Binary neutron star mergers and proto-neutron stars provide unique environments where dense matter is hot, lepton rich, and potentially undergoes a transition from hadronic to deconfined quark matter. We investigate the thermodynamics and stellar properties of hybrid matter under such conditions. The hadronic phase is described within a covariant density functional framework, while the quark phase is modeled using a Nambu-Jona-Lasinio (NJL) model that includes repulsive vector interactions, the axial $U_A(1)$-breaking 't Hooft determinant interaction, and two-flavor color-superconducting (2SC) pairing. The phase transition between hadronic and quark matter is constructed using a mixed-phase prescription that enforces baryon and lepton number conservation, allowing us to follow thermodynamic trajectories at fixed entropy per baryon and fixed lepton fraction.
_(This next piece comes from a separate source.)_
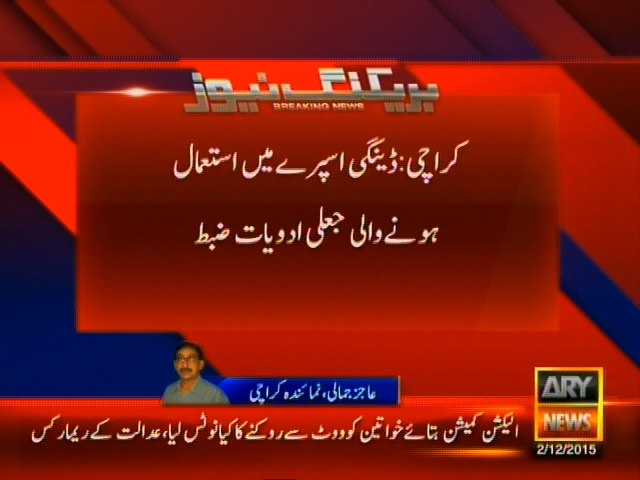 کراچی: اینٹی کرپشن کا کے ایم سی ورکشاپ پر چھاپہ، کراچی: ڈینگی اسپرے میں استمال ہونے والی جعلی ادویات صبط۔
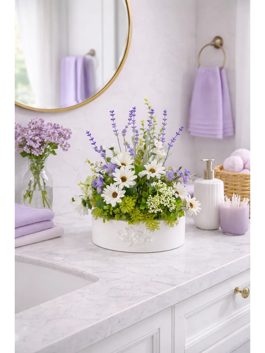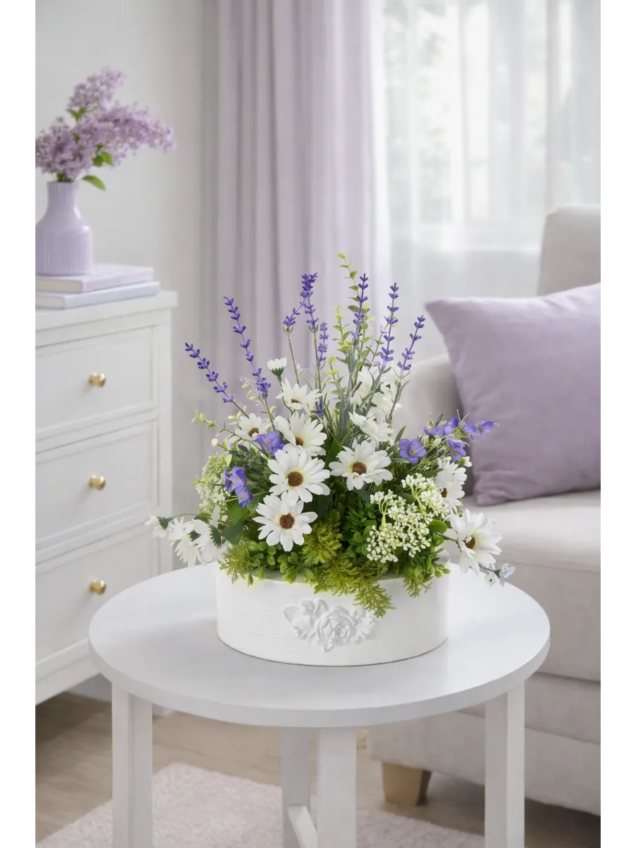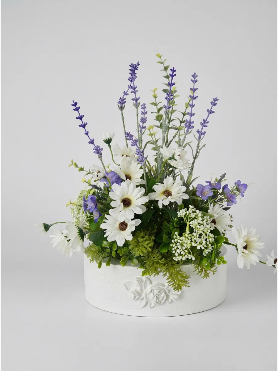 Цветочная композиция "Ромашки с лавандой" от Elenadecor - это стильное и качественное украшение, которое добавит уютную атмосферу в любую комнату. Благодаря реалистичности искусственных растений, эта композиция выглядят как настоящие, но при этом не требуют особого ухода. Нежные цветы в стильном кашпо из дерева станут отличным дополнением к любому интерьеру, будь то гостиная, офис или спальня. Декоративные растения впишутся в любой дизайн, создавая акценты и украшая пространство. Композиция "Ромашки с лавандой" идеально подойдет для тех, кто хочет добавить зелень в свой дом, не заботясь о поливе и уходе. Благодаря своим возможностям, эти украшения с легкостью преобразят вашу комнату, создавая уютную и стильную атмосферу.

We analyze the phase structure of dense matter at finite temperature and study the composition of the hadronic, mixed, and quark phases in both neutrino-trapped and neutrino-free regimes. Our results show that neutrino trapping significantly modifies the particle composition and shifts the onset of deconfinement to higher densities. Using the resulting equations of state, we compute static stellar configurations and examine the influence of temperature and lepton content on the mass-radius relation of hybrid stars. Hot, neutrino-rich configurations are found to have larger radii and slightly higher maximum masses than their cold counterparts.